Associate Clinical Professor of Law, Environmental Law Clinic. Professor Strickland's work in the Environmental Law Clinic involves advocacy before trial courts, appellate courts, and administrative agencies on a variety of topics, including compliance by federal agencies with the National Environmental Policy Act; citizen suits against polluters under federal and state clean water, clean air, solid waste, and hazardous waste laws; diversions of public parkland, wetlands, and other state land-use permits; access rights and stewardship obligations under the public trust doctrine; endangered species rules and protections; and municipal land-use decisions. Before joining the clinic, he worked in the Environmental Protection Bureau of the New York State Attorney General's office, where his cases included a navigational dredging suit against General Electric Company, a $13 million claim against the successor of a company that polluted a municipal landfill, and the defense of a New York statute banning the gasoline additive MTBE against claims of preemption under the federal Clean Air Act.
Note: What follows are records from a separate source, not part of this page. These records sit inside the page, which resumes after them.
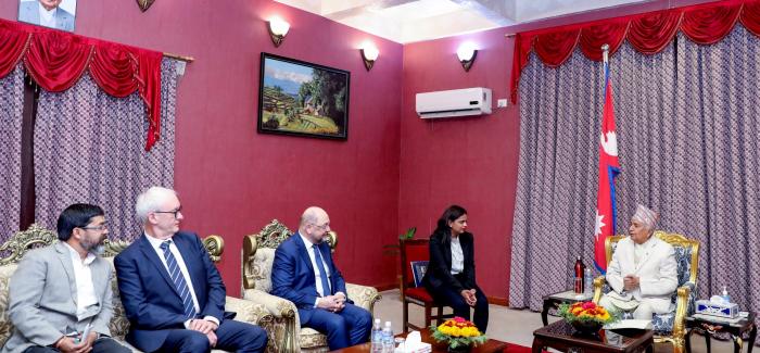 राष्ट्रपति रामचन्द्र पौडेलसँग जर्मनीको फ्रेडरिक एबर्ट स्टिफटुङका ग्लोबल प्रेसिडेन्ट डा.मार्टिन सुल्जले शिष्टाचार भेट गर्नुभएको छ । राष्ट्रपति निवास शि ...
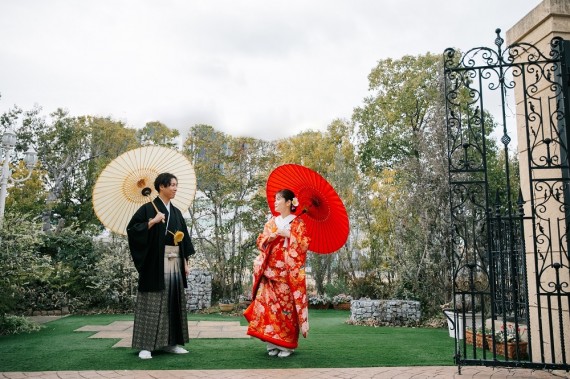 黒の紋付袴を着用したご新郎様ろ並ぶと、色のメリハリがしっかりとついていてGood◎
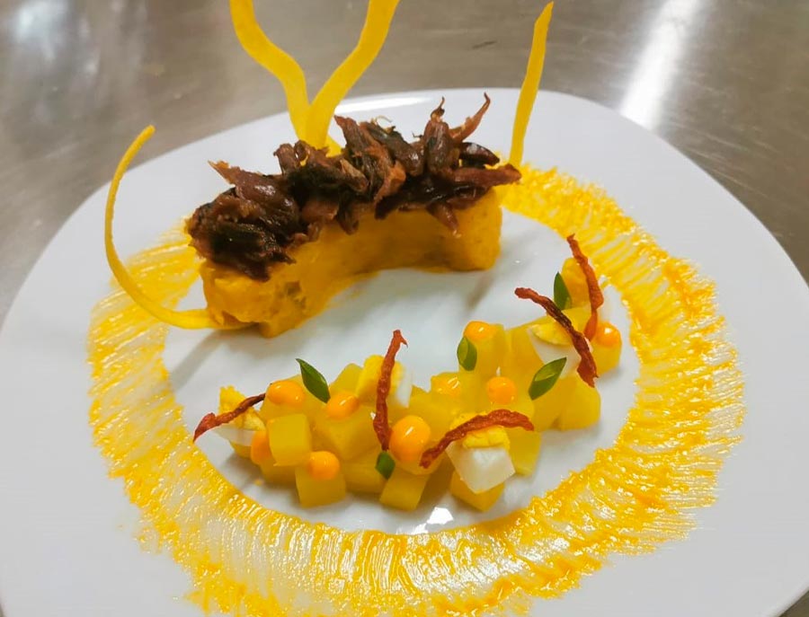 El resultado de esa inspiración fue «Sol de la Chiquitania», un plato de comida elaborado en base a plátano maduro, plátano verde, pato, papaya verde y maracuyá, entre otros.
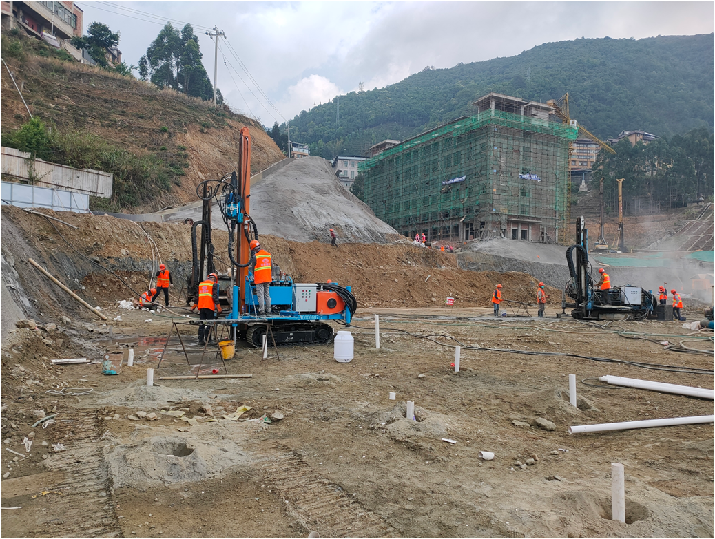 順利完成基坑土方開挖和邊坡支護后,還來不及高興,又一個新的難點挑戰(zhàn)擺在了項目管理人員面前,由于綠春人民醫(yī)院遷建地址以前是一處峽谷地形,地基土為填土深度超40m的欠固結(jié)土,固結(jié)時間僅為8年,未經(jīng)加固處理的填土地基后期沉降會對樁基造成負(fù)摩擦力影響,使樁基礎(chǔ)加速沉降,對建好的建筑危害極大。為此,直管部緊急聯(lián)合設(shè)計單位、勘察單位的專家們共同商議,從強夯法到高壓旋噴注漿法,先后組織五方責(zé)任主體召開項目協(xié)調(diào)會、專家咨詢會、專題會7次。前期進行了“夯擊成孔—孔內(nèi)分段夯實碎石樁”工藝試驗,但是對周圍的震動影響太大,后期確定采用“高壓旋噴注漿”工藝對填土地基進行處理,切實解決了工程項目填土沉降的問題。
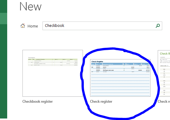 - Start a new excel workbook with the Check register template.
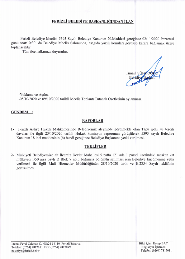 Ferizli Belediyesi Kasım Ayı Meclis Gündemi (02.11.2020 Pazartesi)
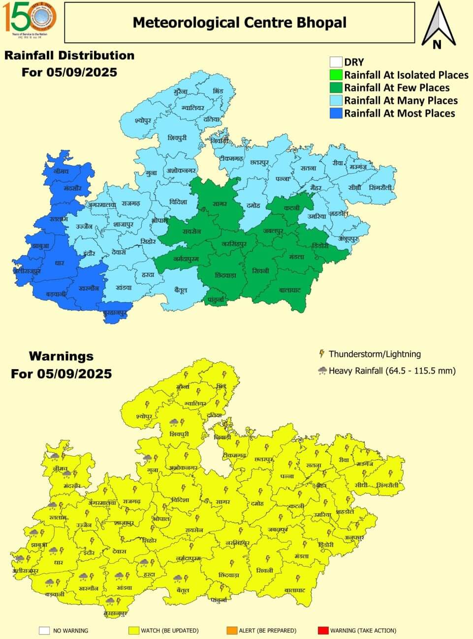 5 सितंबर : बड़वानी, अलीराजपुर, झाबुआ में अति भारी वर्षा, झंझावत वज्रपात कहीं-कहीं। बुरहानपुर, रतलाम, मंदसौर, डिंडोरी, मंडला, बालाघाट, खरगौन, धार में भारी वर्षा, झंझावत वज्रपात। भोपाल, विदिशा, रायसेन, सिहोर, राजगढ़, नर्मदापुरम, बैतूल, हरदा, खंडवा, इंदौर, उज्जैन, देवास, शाजापुर, आगर, नीमच,गुना, अशोकनगर, शिवपुरी, ग्वालियर, दतिया, भिंड, मुरैना, श्योपुरकलां, सिंगरौली, सीधी, रीवा, मऊगंज, सतना, अनुपपुर, शहडोल, उमरिया, कटनी, जबलपुर, नरसिंहपुर, छिंदवाड़ा, सिवनी, पन्ना, दमोह, सागर, छतरपुर, टीकमगढ़, निवाड़ी, मैहर, पांढुर्णा में झंझावत व वज्रपात कहीं कहीं।
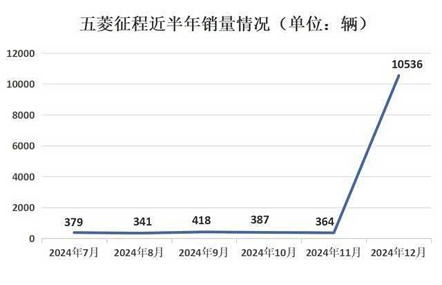 然而,从五菱征程以往的销量数据来看,其自2023年以来的月销量一直稳定地保持在几百台的水平。到了2024年,1至11月的平均月销量仅为三四百台。然而,令人意外的是,12月的销量却突然暴涨,达到了惊人的28倍。那么,究竟是什么原因使得五菱征程能够突然之间取得如此巨大的销售成功呢?

He was previously an associate at the New York office of Latham & Watkins and then Axinn, Veltrop & Harkrider LLP, where he complemented his antitrust work with pro bono representation of the Natural Resources Defense Council. Professor Strickland earned an A.B. cum laude from Dartmouth
College and a J.D. from Columbia Law School, where he was a Harlan
Fiske Stone Scholar and executive editor of the Columbia Journal of Environmental Law. Following law school, he was a clerk to Senior U.S. District Judge Joseph H. Young in Baltimore.